Se acabó. Si había vuelto al pueblo por algo, ya se ha acabado. Sólo tiene que esperar a la vuelta. Se acabaron los sobresaltos, las pesadillas, y la culpabilidad. Se acabó el pensamiento perpetuo que inundaba su cabeza a cada momento buscando una respuesta. Se acabaron los miedos que de repente le sorprendían sin avisar en cualquier sitio, en el cine, en el trabajo, haciendo el amor. Se acabó el pasado que se quiere olvidar y su empeño por eliminar vuelve más vivos los recuerdos, que ahora sí que guardará, con cariño, con la memoria de su madre en los buenos momentos. Se acabó.

El teléfono en casa de sus padres no ha parado de sonar en toda la mañana, con gente dando el pésame y preguntando a que hora será el entierro mañana. Juanjo no ha hecho gran cosa para ayudar, sólo ha ido a alquilar sillas al casino del pueblo para que la gente pueda sentarse en la casa, ya que el velatorio no será en el cementerio, a su madre no le hubiera gustado, según dice su padre. También se ha ocupado en avisar a su vecina Carmen de que mañana irán los hombres a velar el cuerpo a su casa, ya que, según la tradición que siguen en el pueblo, los hombres velan el cuerpo en la casa del vecino y las mujeres lo hacen en la casa del difunto. Recuerda lo mucho que se reían sus amigos en Madrid cuando lo contaba, que cómo era posible que tuvieras que ir a molestar a una vecina para hacer un velatorio, y se reían aún más cuando imaginaban si eso se hiciera allí, en Madrid, donde nadie o casi nadie conoce a quién habita en frente de su puerta, donde es difícil saber quién es con el que estás, ya que nadie quiere conocer a nadie, no hay tiempo para eso, aunque él siempre lo agradeció, sentirse anónimo, uno más, que no sobresalía, que no tenía nada de diferente al resto. La omnipresencia que representaba en el pueblo había desaparecido en el mismo momento en el que se bajó del autobús para buscar un piso, luego un trabajo y después unos amigos de los que carecía cuando vivía con sus padres. Le duele que ningún compañero del colegio se haya acercado a su casa para verlo, para darle el pésame y recodar cualquier anécdota absurda. Sabe que romperá la tradición y se quedará a velar a su madre con las mujeres, aunque su padre le haya dicho que siempre tiene que estar llamando la atención, velará el cuerpo de su madre a su lado.
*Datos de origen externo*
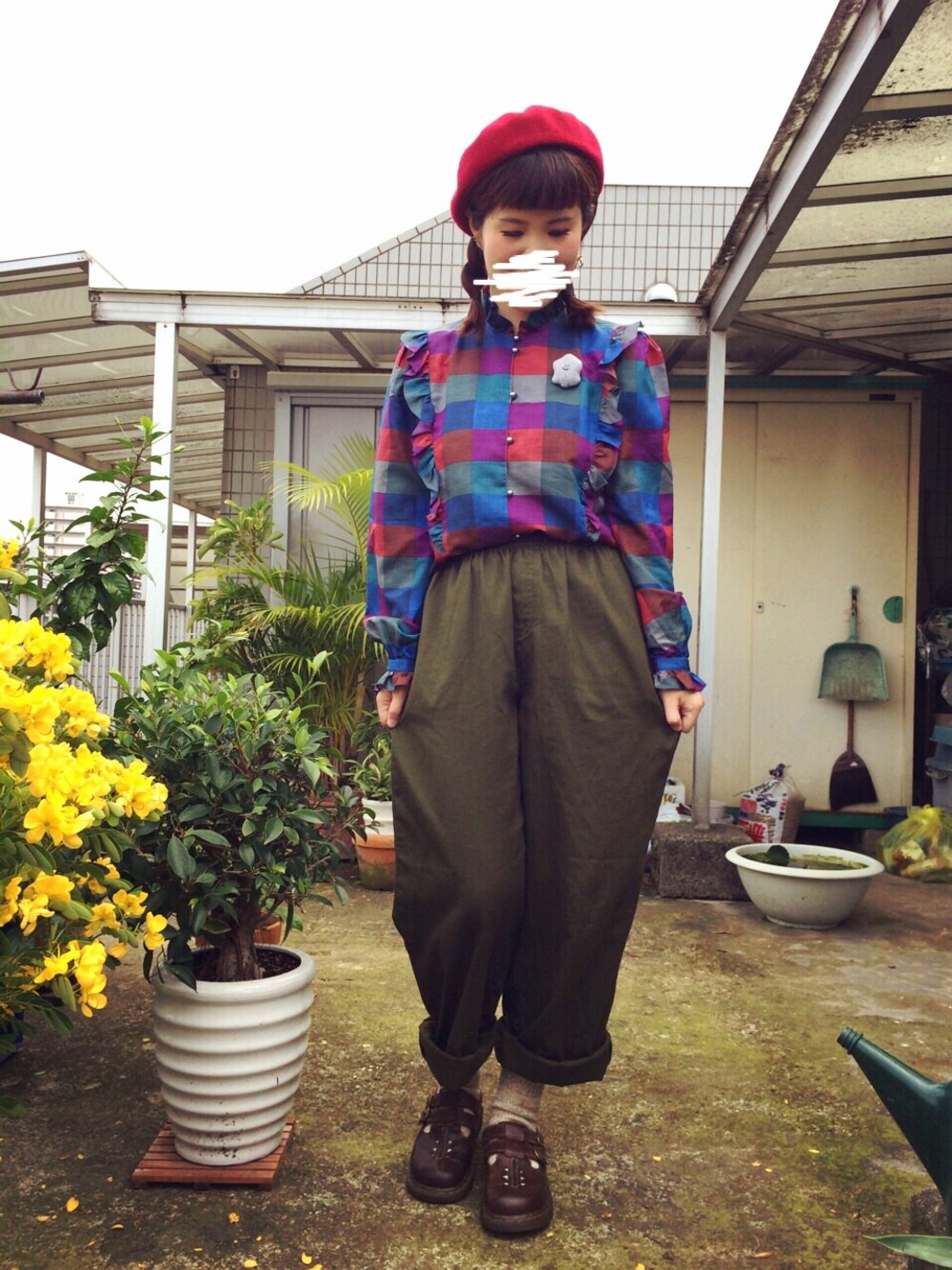 この前HUGで買ったパンツ *. 普段スカートとかワンピース ばかりなのだけど,久々に パンツで可愛いと思った子 見つけてしまった(´〇`*)♡ シャツはKINJIです!! こぉいう柄好き ⚫︎´ `⚫︎ ホコリブローチにハサミピアス。

La noche está llegando y la gente empieza a acercarse a la casa. Los velatorios no son silenciosos, todo lo contrario. Después de dar el pésame a la familia, la gente se sienta, y empieza a hablar, como si no tuviera tiempo de verse por el día. Hablan de olivos y del campo, de quién está pensando en vender una fanega o de lo mala o buena que será la cosecha ése año, de quién se va a casar o de quién va a tener un chiquillo en los próximos meses, o de la enfermedad de algún vecino que ya viene para larga y de la pinta que tiene, tardará poco en morir; se habla del alcalde y de lo mal o lo bien que lo está haciendo y de que cada vez está más alta la contribución y no hacen muchas cosas en el pueblo. La zona de las mujeres es diferente, aunque también se habla, pero parece que en silencio, respetando que el cuerpo está en una de las habitaciones de la casa. Juanjo está solo cuando suena el móvil. No le suena el número, pero decide cogerlo. El chico sin nombre pregunta cómo está, y qué ha pasado con su madre. Le dice que murió por la mañana y que ahora está el velatorio, que la enterrarán a las doce del próximo día. El chico sin nombre le dice que lo siente, y que le gustaría estar allí con él para consolarlo. Juanjo no lo cree. Su padre lo está llamando, hay gente que quiere darle el pésame en la otra casa. Se despide del chico sin nombre y sale a la calle.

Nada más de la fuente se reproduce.